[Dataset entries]
::::::
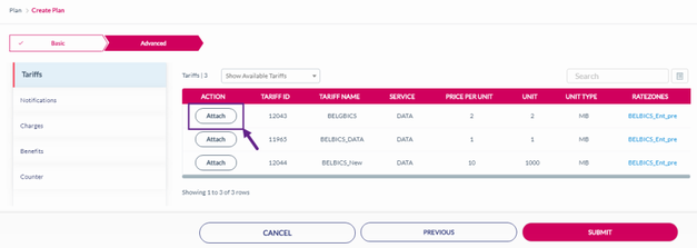 On the Tariffs tab, click Attach displayed against the Tariff ID to attach the Tariff to the Rate Plan. Refer to the following screen.
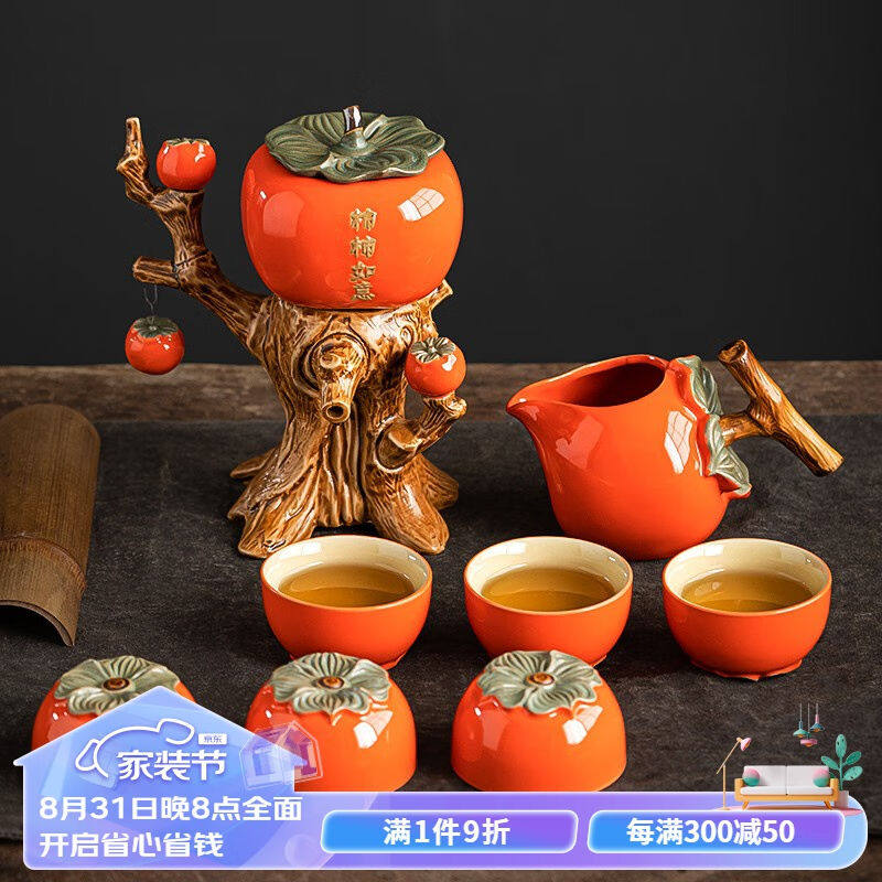 唐丰柿柿如意懒人泡茶器网红自动茶具套装家用轻奢高档茶壶茶杯礼
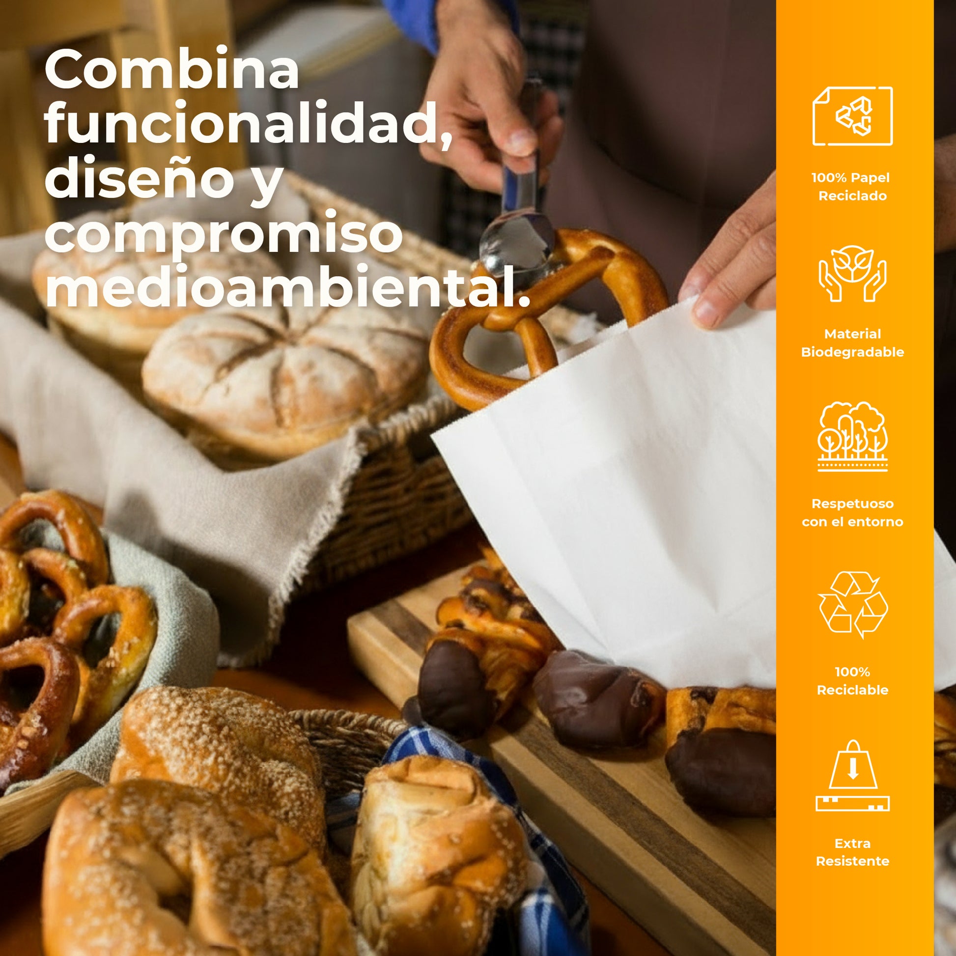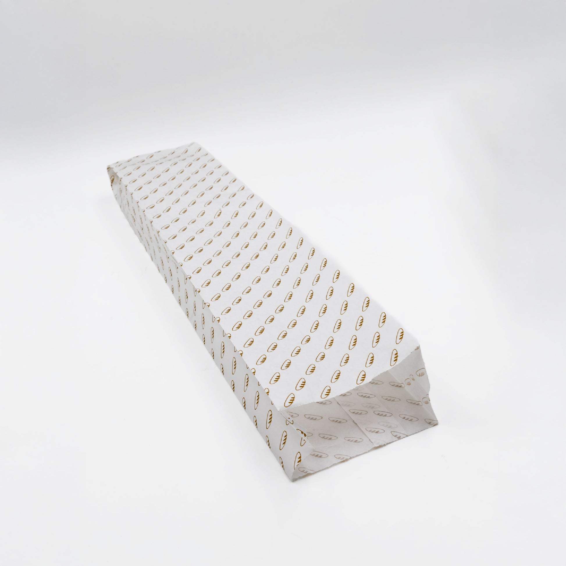 The 35 g/m² white kraft paper offers a lightweight and recyclable solution for food packaging. It's certified for direct contact with baked goods and maintains its shape thanks to its V-shaped bottom. Its discreet bread print design provides a distinctive visual touch without compromising its neutral and functional aesthetic.
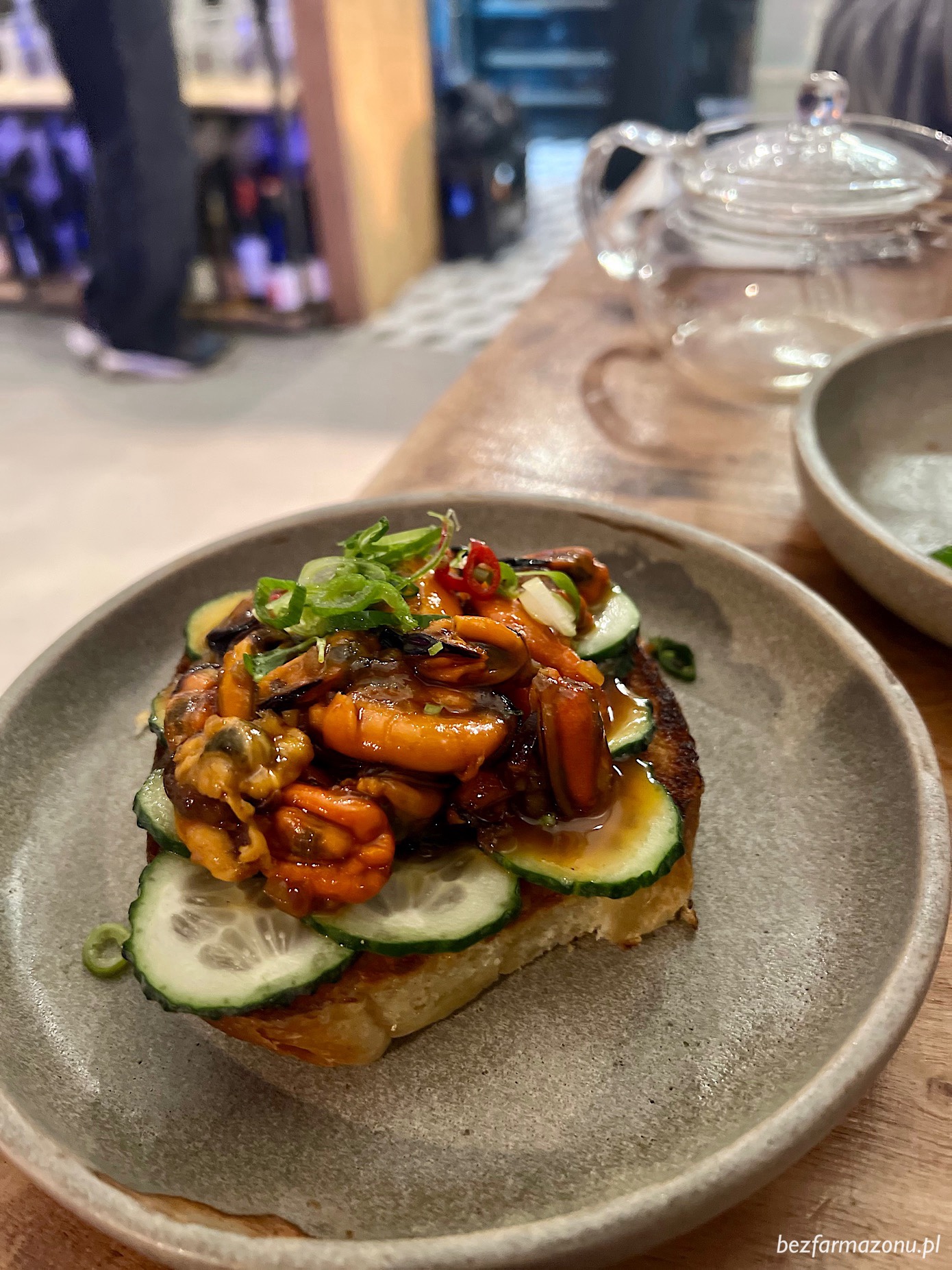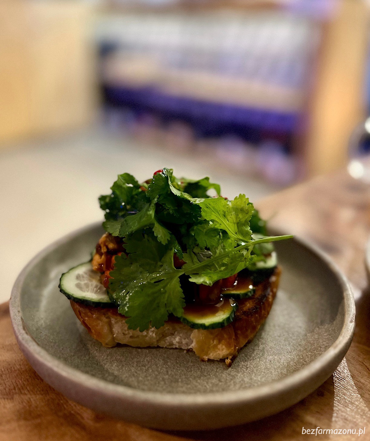 Spotkanie zakończył świetny podgrzany tost na chlebie hokkaido ze słodko – kwaśno – pikantym mięsem z muli i azjatycką sałatką z ogórkami (38 PLN).
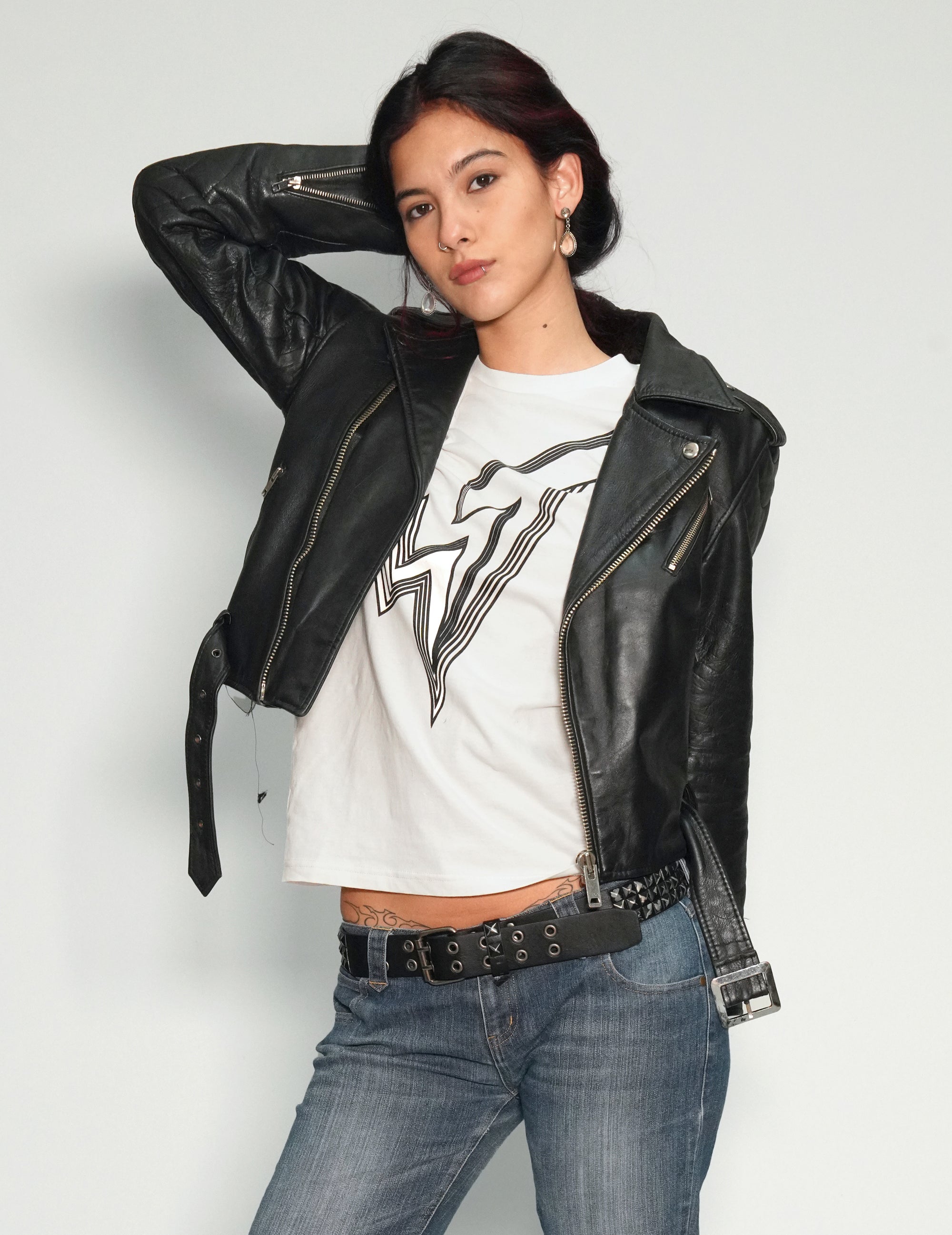 Iconic vintage leather biker jacket, made famous by Marlon Brando in the film "The Wild One" . Featuring pop-adjustable collars, zip front, diagonal zip breast pocket, inside breast pocket, dual zip waist pockets and adjustable belt on the waist.
::::::
* _Work item_
Each line from the one containing "唐丰柿柿如意懒人泡茶器网红自动茶具套装家用轻奢高档茶壶茶杯礼" through the last line of the entries above should be duplicated exactly, both included; leave out pictures and add nothing.

* _Reply to the task_
 唐丰柿柿如意懒人泡茶器网红自动茶具套装家用轻奢高档茶壶茶杯礼
 The 35 g/m² white kraft paper offers a lightweight and recyclable solution for food packaging. It's certified for direct contact with baked goods and maintains its shape thanks to its V-shaped bottom. Its discreet bread print design provides a distinctive visual touch without compromising its neutral and functional aesthetic.
 Spotkanie zakończył świetny podgrzany tost na chlebie hokkaido ze słodko – kwaśno – pikantym mięsem z muli i azjatycką sałatką z ogórkami (38 PLN).
 Iconic vintage leather biker jacket, made famous by Marlon Brando in the film "The Wild One" . Featuring pop-adjustable collars, zip front, diagonal zip breast pocket, inside breast pocket, dual zip waist pockets and adjustable belt on the waist.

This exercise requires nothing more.